Create a new Unicode database

create database edwdb using codeset utf-8 territory us collate using
identity autoconfigure using mem_percent  80 apply db and dbm

Create automatic storage table spaces

create tablespace col_tbsp

Because the database was created after setting DB2_WORKLOAD=ANALYTICS, the default page size used for the table space is 32K and the extent size is 4 pages.

With these simple steps, you are ready to create column-organized tables in your database. Refer to the methods defined in Methods to create and populate column-organized tables.

Methods to create and populate column-organized tables

In this section, we describe how to create new column-organized tables or convert an existing row-organized table to a column-organized table. If the database was configured with DB2_WORKLOAD=ANALYTICS, newly created tables will be column-organized by default. Before creating column-organized tables, make sure that the characteristics of your workload align with the attributes discussed in the Ideal workload characteristics for BLU section. The Optim Query Workload Tuner (OQWT) can be used to identify tables that might be good candidates for being column-organized tables. Based on these recommendations, you can choose to create some or all tables as column-organized tables using one of the following methods:


Create new tables with the same DDL as row-organized tables, and load the table data into the new table:

create table sales_col (tid bigint not null, saledate date,
                        saleprice decimal(12,2)) in col_tbsp organize by

The ORGANIZE BY COLUMN clause is optional if the database configuration parameter DFT_TABLE_ORG is set to COLUMN, which is the case when the database is configured for analytics. To create row-organized tables in such a database, specify the ORGANIZE BY ROW clause.
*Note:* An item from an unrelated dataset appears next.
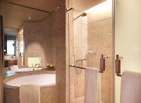 位于酒店的7~12楼,占地11坪(37平方公尺)。大片落地窗的景致,引进白天耀眼阳光、夜晚能鸟瞰台北西区的迷人夜景。成熟的色调与氛围,独立的淋浴间与圆形浴缸,能完全放松旅客情绪。
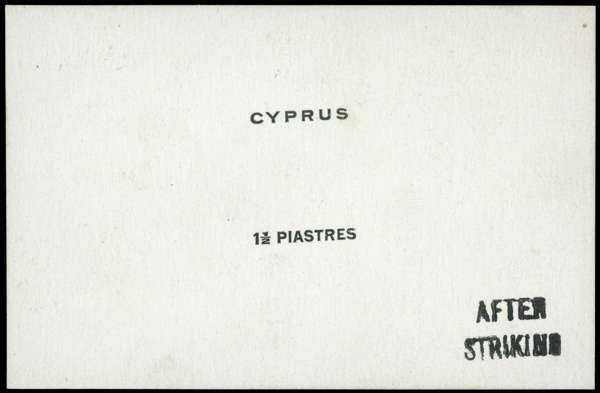 PROOF: 1925 De La Rue die proof for '1½ PIASTRES' duty tablet in black on glazed card, endorsed 'AFTER STRIKING' fine SG 120var

load from sales.del of del replace into sales_col

In addition to loading the table data, this initial load will automatically build the columnar compression dictionaries, synopsis table and collect statistics. For optimal compression, we recommend loading enough data (several gigabytes) that contains a good representative subset of data values. In cases with strongly unsorted input data, the effectiveness of data skipping can sometimes be improved by presorting the data being loaded on numeric or date/time column(s) that are frequently used in query predicates.

Method 2: Convert row-organized table(s) to column-organized table(s)

Use the db2convert command to convert one or all row-organized tables in a database into column-organized tables. The row-organized tables remain online during this conversion. The db2convert command invokes the ADMIN_MOVE_TABLE stored procedure. This conversion is one-way only, so be sure to back up the database or table spaces(s).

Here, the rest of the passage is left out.